What would your message be to the Stratford people who rely on the RSC for a living?Be patient with us, we are trying to get back as strongly as we can but this is an unprecedented situation. The fantastic weather has brought visitors back and it is going to be strange not to have the theatre open, but we can’t open because of social distancing. We had an idea of doing something outdoors at The Dell but actually at the moment we couldn’t even think about that because theatre is illegal at the moment. It hasn’t been illegal since 1643!
You must have been thinking about Shakespeare and how he coped with the plague and the theatres shutting, has that been inspiring or helpful in anyway?It’s been truly extraordinary. When the death rate in the UK reached 33,000 – that was the number of people that died in the 1603 plague, that was out of a population of four million, so devastating. It made me think about the closure of theatres in 1603 – it was not unheard of, they had closed in 1593 and 1594 for intermittent periods. Shakespeare took the time to write Venus and Adonis and The Rape of Lucrece, so he turned his hand rather successfully to other things.
It made me realise why the plays changed so radically after that closure [of 1603] and the plays suddenly seem to plunge into an abyss – you have dark tragedies: King Lear, Othello and Macbeth.
I had never really contemplated just how insecure the plague must have made everyone – it must have removed people’s sense of certainty and intensified their anxiety. Which is why it’s even more important with this plague that we get the plays back onstage!
Seeing the statue unfreeze at the end of The Winter’s Tale will be like a lifting of that weight.
Tell us about your lockdown.Tony [Greg’s husband, actor Antony Sher] was performing in Kunene and the King on the Monday night in London and on the Tuesday I thought I have to get back to Stratford if lockdown is happening, especially as Tony is over 70 and in the vulnerable category. I thought I had better pack up the car and get up to Stratford as fast as we could.
We’re very lucky we’ve got the artistic director’s cottage here in Stratford, looking out onto the Welcombe Hills. It’s been a weird sense of being in a little bubble.

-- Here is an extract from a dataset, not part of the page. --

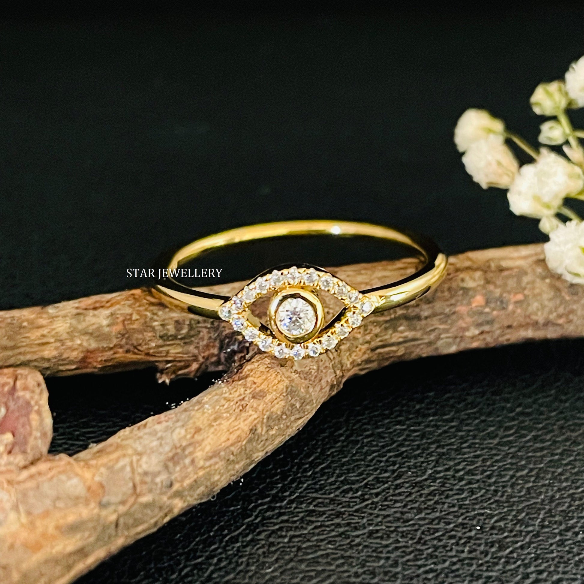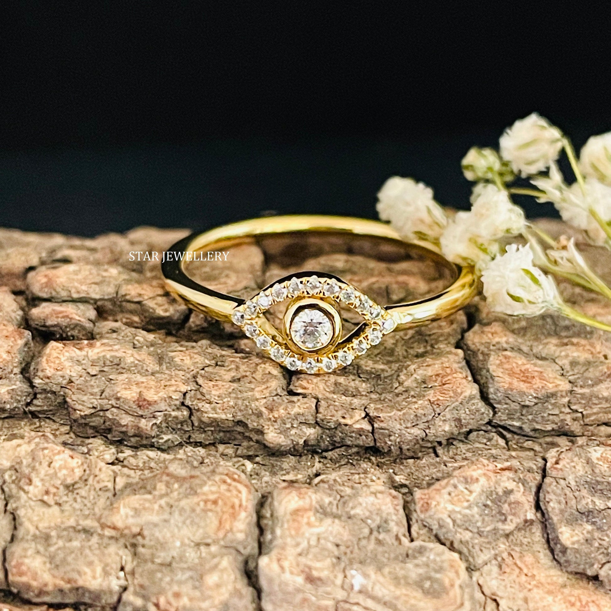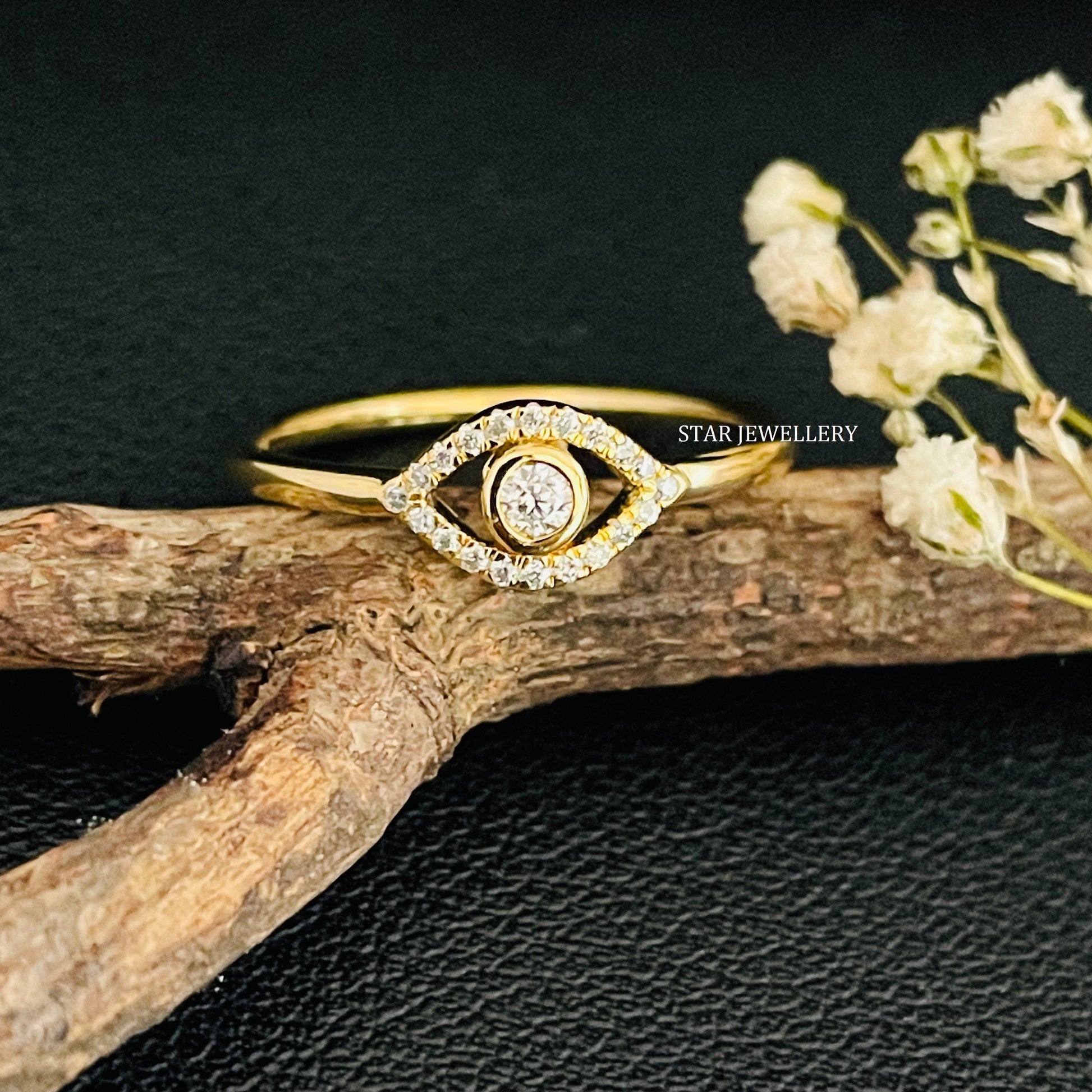 14K Solid Gold Diamond Evil Eye Ring for her, Solid Gold Evil Eye Diamond Ring, Evil Eye Diamond Ring, Evil Eye Hamsa Ring, Graduation Gift
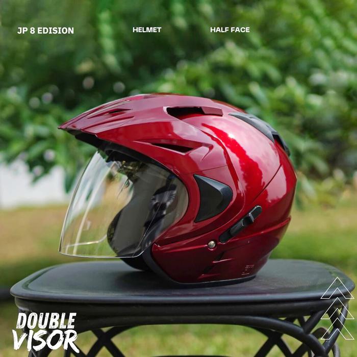 FLASH SALE HELM KEREN PRIA WANITA DEWASA JP8 DOUBLE VISOR MERAH GLOSSY SNI MOTORCYCLE HELMET HITAM GLOSSY

There’s been lots of time for contemplation. What lesson would you hope mankind could learn from this current pandemic?As we approach midsummer I’ve been looking at that play [A Midsummer Night’s Dream] and I think this is the time Shakespeare is talking about, as we move into June. I’ve always thought Titania’s ‘forgeries of jealousy’ speech as Shakespeare’s climate change speech. And it is interesting there’s a sort of appreciation of the world around at the moment. It’s been extraordinary, and people have been talking about how they are noticing the seasons changing; that they had never really stopped and stared for this amount of time before.
I guess what has come out is a sense of kindness, thinking about other people more.
My anxiety has been for the young people. All the drama students robbed of their final show, for example – they should be performing then heading to the bar for a chinwag and to congratulate each other. Instead there’s a great big emotional gap.
From Tony and I’s point of view we’re getting close to what Shakespeare called his ‘chair days’, we can operate remotely.
Stratford’s not quite the same without Shakespeare’s plays being performed, not even on his birthday…It’s nibbled at my soul that this is the first time that there’s no live Shakespeare in Stratford for such a period; it’s terrible to think that. Even though the Luftwaffe used the theatre as a navigational tool on the way to bomb Coventry, the war went on around us but we carried on.
We’ve got the shows ready to perform; and it’s so important for everyone’s spiritual and emotional health that we do them as soon as we can.